Share your dilemmas and get honest opinions from other Mumsnetters.

Calling my unborn baby they/them

1000 replies

Irish24 · 28/03/2025 03:19

I am keeping the gender a surprise and the amount of people that are confused when I refer to the baby as they/them’ is starting to aggravate me. I don’t like referring to them as ‘it’ or just ‘baby’. They/them is a word and has been going around for centuries. It also is a singular pronoun and does not always mean multiple. My friends say they can’t get their head around it. I don’t understand. I know they/them is a controversial topic these days and more people are perhaps finding out the gender. I still don’t find it confusing at all and it never even occurred to me that it would be. Anyone else experienced this or am I being over dramatic here? It’s just tiresome having to constantly explain to people, I don’t know the gender so that’s why I’m calling the baby ‘them/they’

OP posts:
Thread gallery
7
pearbottomjeans · 28/03/2025 06:44

FBGHHH67776 · 28/03/2025 03:30

Why don't you like refering to your baby as "baby"?

Edited

Because it’s very cringeworthy. ‘How’s baby today?’ EW! 🤢 You mean ‘the baby’, surely?

OP I was a ‘they’/‘the baby’ person too with my first. It is a bit clumsy. But over soon enough! (Found out with my other 2 so no need for the they/them) Definitely had the same thoughts, a few people thought I meant I was having twins.

Onlyvisiting · 28/03/2025 06:44

Using they when the gender is unknown has been commonplace for ever. It's inly with the recent hate campaign that anyone will notice or think it is making a point.
Carry right on OP, it will weed the arseholse out your friends list nicely........
And fyi everyone- pronouns are not new. Unless you refer to yourself and everyone as an object in conversation? We all use pronouns.

But seriously. I do find referring to someone as they a certain times as they to be hard to get my tongue around. I think it's a situation where I would expect it to be known it feels odd. (But I give zero shuts and would get over it if I actually knew anyone who used it)

But in the case of unknown, like 'whos at the door? I don't know, I'll see what they want'
it is completely uncontroversial and not new, I wouldn't bat an eye.

Coconutter24 · 28/03/2025 06:45

This reply has been deleted

This has been deleted by MNHQ for breaking our Talk Guidelines.

The maximum time this will go on for is 9 months until they know if the baby is a girl or boy

CarrotShake · 28/03/2025 06:45

It does sound odd in this context. I think it’s because the singular they is used when something is of an unknown quantity. So you could easily say ‘I heard someone downstairs, when I came down they ran out of the back door.’

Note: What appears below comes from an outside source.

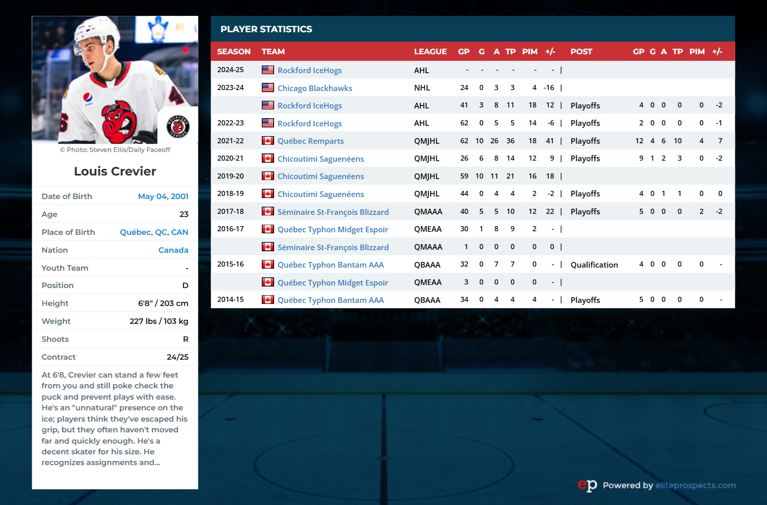 For our French-Canadian friend, Crevier showing up in the NHL as a 7th-round-pick isn’t a result of him being some late draft hit, the Hawks were ravished by injuries which forced Crevier making an earlier than desired NHL debut. Granted, he looked good at times. I would be very surprised to see him in an NHL lineup in the future.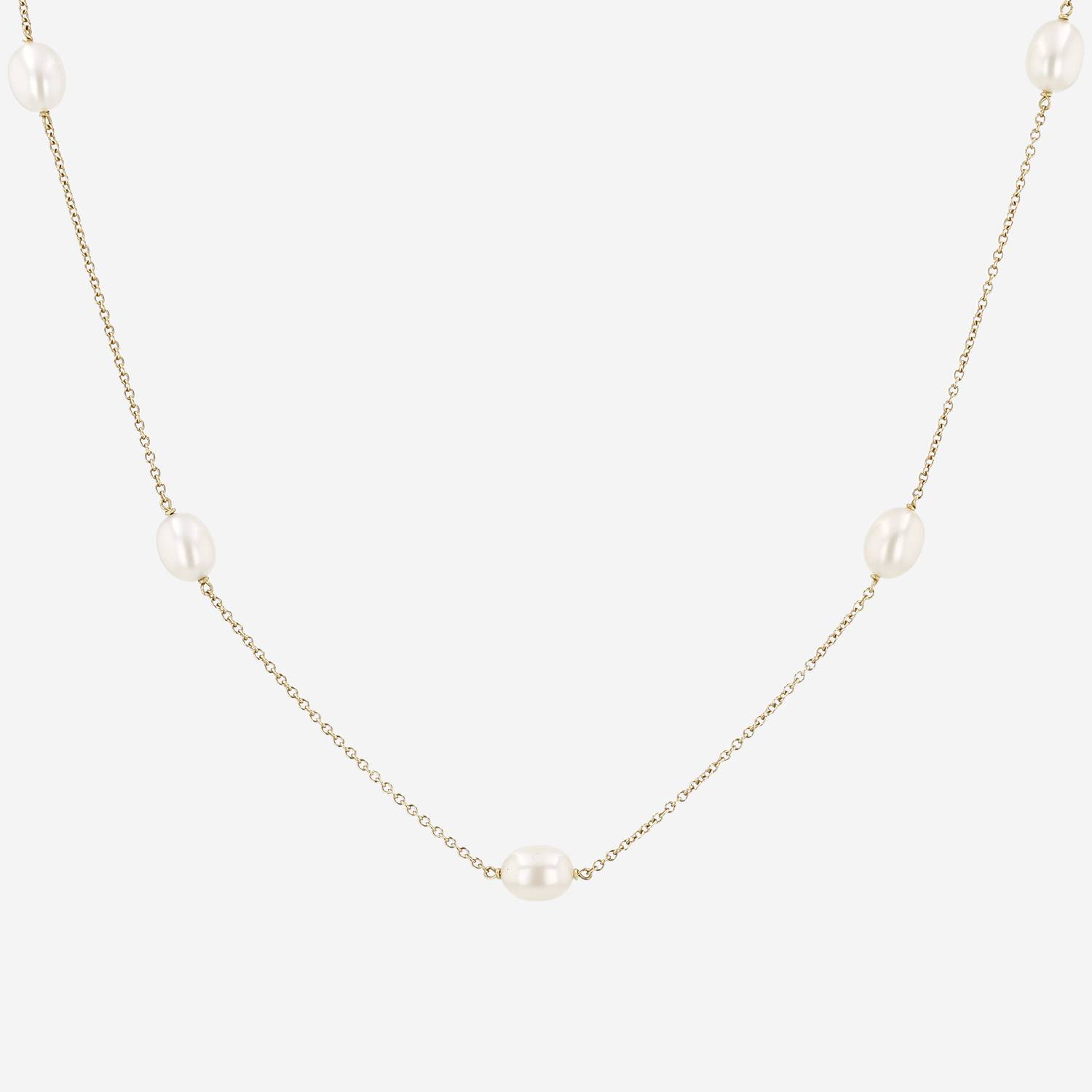 Collar Tiffany & Co de oro amarillo y perlas cultivadas, compuesto de una delgada cadena de oro amarillo, adornado de una sucesión de delicadas perlas cultivadas ovaladas.

But in this case, the baby isn’t so abstract, therefore using ‘they’ suggests more than one. If you said ‘the appointment went well, the midwife said they are developing nicely’ it immediately sounds like you are having twins.

Fairyliz · 28/03/2025 06:47

Irish24 · 28/03/2025 04:35

Them/they has been used for centuries as a singular pronoun also.

That is certainly true but the meaning of words changes over time.
I can remember calling people gay meaning they were happy/cheerful. I’m not sure that anyone would assume that meaning from it now.

GrammarTeacher · 28/03/2025 06:47

NetZeroZealot · 28/03/2025 06:38

Not by those who understand the rules of English grammar

Take that up with the OED. You are incorrect.

Didimum · 28/03/2025 06:47

This thread is so tiresome.

Use they/them/their to your heart’s content. You’re fine, OP. And likely regretting opening up your soul to the MNers.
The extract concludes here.